The list continues with Servisa, a subsidiary of Seguros Ocaso, which has a share close to 20% in the so-called death insurance. And the ASV Group, which manages 90 funeral homes, 19 crematoriums and 5 cemeteries. With an expected turnover of 50 million euros in 2021 (55 if the international business is added), the company invoiced 48 million last year in Spain as a result of the reduction in the value of the contracted services, which instead of being around 3,200 euros they barely exceeded 2,700 euros, according to Guillermo Payá, its CEO. ASV also has a funeral insurer, Meridiano, since it is the hiring formula for half of the burials in our country, “it is easier,” admits Payá.
Companies such as Parcesa, Altima or the Madrid funeral company follow the big five in a sector plagued by small family businesses and even single-family ones. For example, in Galicia there are about 200 funeral homes, according to Gosálvez. It is these types of companies with which large companies manage to increase their market share. Mémora has bought more than 15 companies since 2017 with an investment of more than 100 million. Precisely this week, the CNMC has authorized its last two operations: the purchase of Funeraria Rekalde and Funeral Homes Irache. As months before he did with the taking of Jordial by Albia.

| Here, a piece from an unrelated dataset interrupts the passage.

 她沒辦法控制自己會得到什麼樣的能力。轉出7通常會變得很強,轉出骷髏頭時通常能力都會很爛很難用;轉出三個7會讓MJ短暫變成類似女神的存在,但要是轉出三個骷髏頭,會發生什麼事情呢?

In a business liberalized since 1996 and in which the management of the cemeteries is public and, in some cases, concessional (no longer in perpetuity as before, but for between 5 and 15 years), there are also publicly owned operators such as the Company Municipal of Funeral Services and Cemeteries of Madrid, which manages 14 cemeteries, including Almudena, “the largest in Europe, with 120 hectares,” says Carlos Sanza, its secretary general, and funeral homes such as the M-30 or the South Funeral Parlor. Privatized in 1993, it returned to the Madrid City Council in 2016. And it is one of the few companies consulted that last year increased its turnover to 54 million euros due to the significant growth in deaths in the city, which in some months came to be quintupled; five million more than the previous year and of those that will enter this year, foresees Sanza.

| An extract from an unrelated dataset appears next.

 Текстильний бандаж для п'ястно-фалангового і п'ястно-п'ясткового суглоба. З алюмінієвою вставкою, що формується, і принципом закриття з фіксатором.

The pandemic has revealed the fragility of the sector, such as the lack of coordination with the Administrations, highlights Juan Jesús Domingo. And it has also left lessons for the industry: “As a society, the importance of mourning has been learned and the funeral service has been valued,” says María Dolores Asensi, director of Funexpo, the first international fair in the sector held in Madrid this week , which highlights another transformation derived from the covid: the use of new technologies, for example, in the case of the live broadcast of the ceremonies, which is here to stay. However, the great challenge of the funeral business, normalizing death and eliminating the taboos that accompany it, is still alive in a country that, according to Juan Rodríguez, has the third largest funeral market in the world, after Japan and the United States.